Material for the task:
━━━━━━━━━━
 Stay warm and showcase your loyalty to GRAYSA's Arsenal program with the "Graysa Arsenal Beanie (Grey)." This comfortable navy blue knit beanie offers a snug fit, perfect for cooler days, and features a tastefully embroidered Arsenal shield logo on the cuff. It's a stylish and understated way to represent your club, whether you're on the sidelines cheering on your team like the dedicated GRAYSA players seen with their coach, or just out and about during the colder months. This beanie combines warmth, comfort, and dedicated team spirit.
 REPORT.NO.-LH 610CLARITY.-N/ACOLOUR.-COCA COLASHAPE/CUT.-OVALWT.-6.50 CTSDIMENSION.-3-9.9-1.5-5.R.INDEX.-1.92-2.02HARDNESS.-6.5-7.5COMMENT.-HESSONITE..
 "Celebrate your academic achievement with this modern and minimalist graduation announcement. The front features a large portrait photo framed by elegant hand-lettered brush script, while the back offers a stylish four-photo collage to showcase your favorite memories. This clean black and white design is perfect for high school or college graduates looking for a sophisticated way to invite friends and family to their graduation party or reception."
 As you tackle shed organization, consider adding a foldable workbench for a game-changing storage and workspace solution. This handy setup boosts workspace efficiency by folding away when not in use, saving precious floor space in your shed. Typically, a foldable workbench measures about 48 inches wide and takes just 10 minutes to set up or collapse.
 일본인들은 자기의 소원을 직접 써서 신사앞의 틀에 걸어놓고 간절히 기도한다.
━━━━━━━━━━
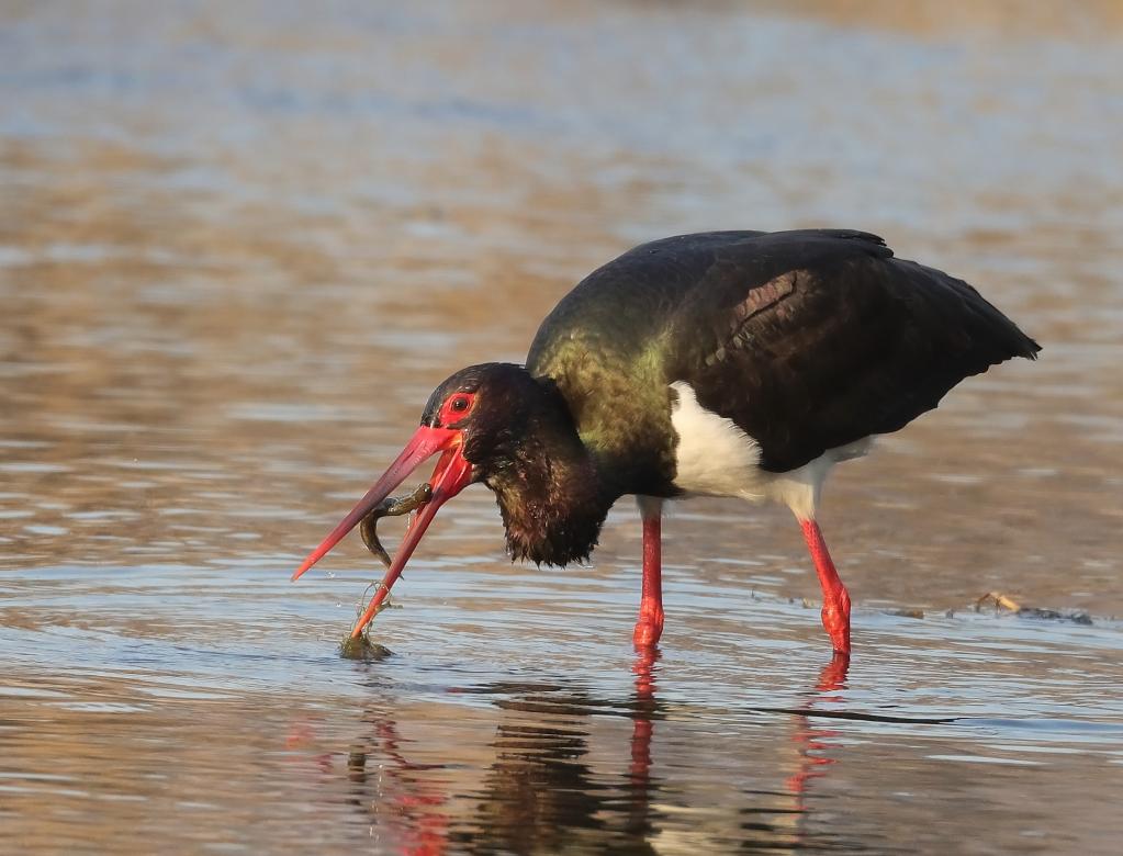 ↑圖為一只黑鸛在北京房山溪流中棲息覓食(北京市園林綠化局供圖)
━━━━━━━━━━
In the entries above, which lines hold the word "showcase"? Copy them out.

Task solution:
 Stay warm and showcase your loyalty to GRAYSA's Arsenal program with the "Graysa Arsenal Beanie (Grey)." This comfortable navy blue knit beanie offers a snug fit, perfect for cooler days, and features a tastefully embroidered Arsenal shield logo on the cuff. It's a stylish and understated way to represent your club, whether you're on the sidelines cheering on your team like the dedicated GRAYSA players seen with their coach, or just out and about during the colder months. This beanie combines warmth, comfort, and dedicated team spirit.
 "Celebrate your academic achievement with this modern and minimalist graduation announcement. The front features a large portrait photo framed by elegant hand-lettered brush script, while the back offers a stylish four-photo collage to showcase your favorite memories. This clean black and white design is perfect for high school or college graduates looking for a sophisticated way to invite friends and family to their graduation party or reception."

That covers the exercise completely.